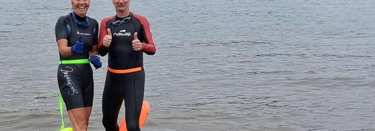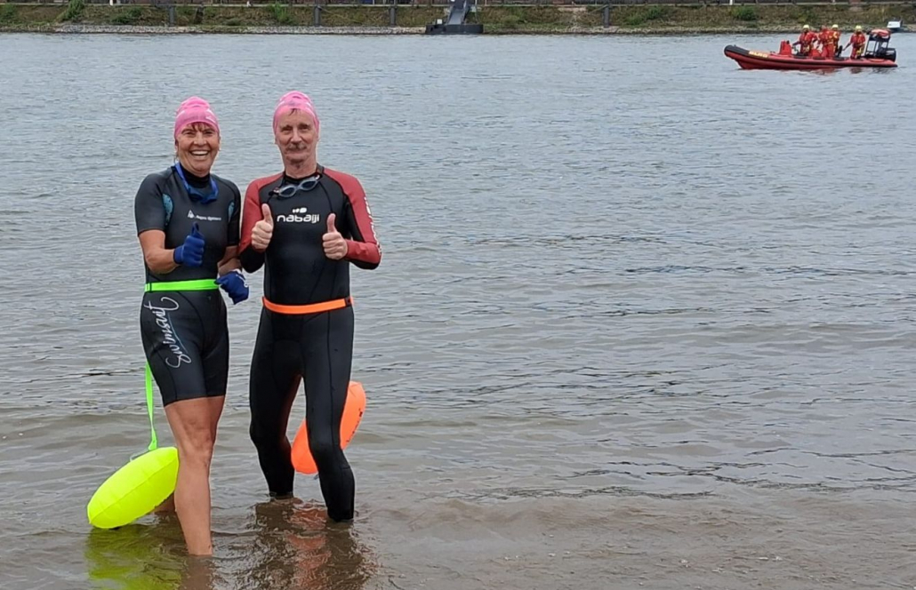 Am 21.09.2025 nahmen Jürgen Titze und Iris Jaschky-Sterzenbach an einem äußerst besonderen Event teil. Es ging um überwachtes Schwimmen im Rhein. Bei angenehmen Außentemperaturen war auch die Wassertemperatur um die 18°C. Die Strecke von insgesamt 2,5 km stromabwärts wollte von beiden bewältigt werden. Schon beim Einstieg an der Südbrücke in Bonn verlor man sich aus den Augen.
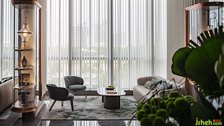 細膩的墻面紋理組合靈動通透的裝飾柜,隔出靜謐洽談區(qū),一束柔和的陽光從窗簾縫隙中灑下,無論是清晨的陽光還是傍晚的余暉,這個角落都散發(fā)著一種寧靜的美感,提供了一個舒適、愜意、私密的洽談空間。
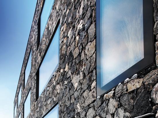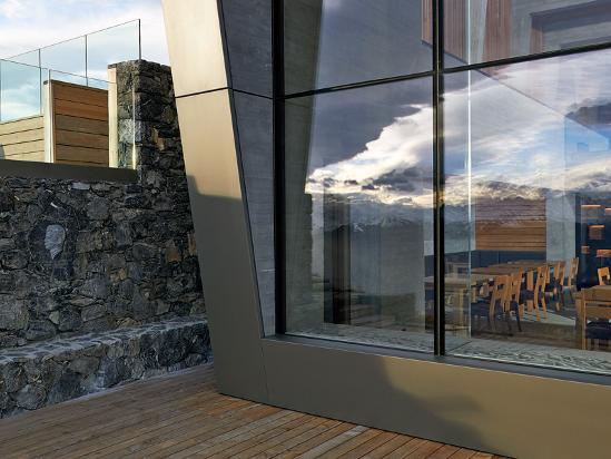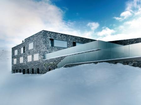 The atmosphere of the interiors is plush and cosy, while the restaurant features a cascade of terraces where guests can enjoy the bright alpine sunshine. Noble, classic, warm materials - notably stone and oak - are used inside the hotel, from the central lobby to the bedrooms, for a feeling of safety and warmth in the rugged high-mountain environment. The facades are covered with local stone contrasting with the industrial architecture and big horizontal window frames, and lead the eyes toward the outdoors.

• **Problem to work on**:
Reproduce the full material exactly, excluding the pictures.

• **Completed exercise**:
 Am 21.09.2025 nahmen Jürgen Titze und Iris Jaschky-Sterzenbach an einem äußerst besonderen Event teil. Es ging um überwachtes Schwimmen im Rhein. Bei angenehmen Außentemperaturen war auch die Wassertemperatur um die 18°C. Die Strecke von insgesamt 2,5 km stromabwärts wollte von beiden bewältigt werden. Schon beim Einstieg an der Südbrücke in Bonn verlor man sich aus den Augen.
 細膩的墻面紋理組合靈動通透的裝飾柜,隔出靜謐洽談區(qū),一束柔和的陽光從窗簾縫隙中灑下,無論是清晨的陽光還是傍晚的余暉,這個角落都散發(fā)著一種寧靜的美感,提供了一個舒適、愜意、私密的洽談空間。
 The atmosphere of the interiors is plush and cosy, while the restaurant features a cascade of terraces where guests can enjoy the bright alpine sunshine. Noble, classic, warm materials - notably stone and oak - are used inside the hotel, from the central lobby to the bedrooms, for a feeling of safety and warmth in the rugged high-mountain environment. The facades are covered with local stone contrasting with the industrial architecture and big horizontal window frames, and lead the eyes toward the outdoors.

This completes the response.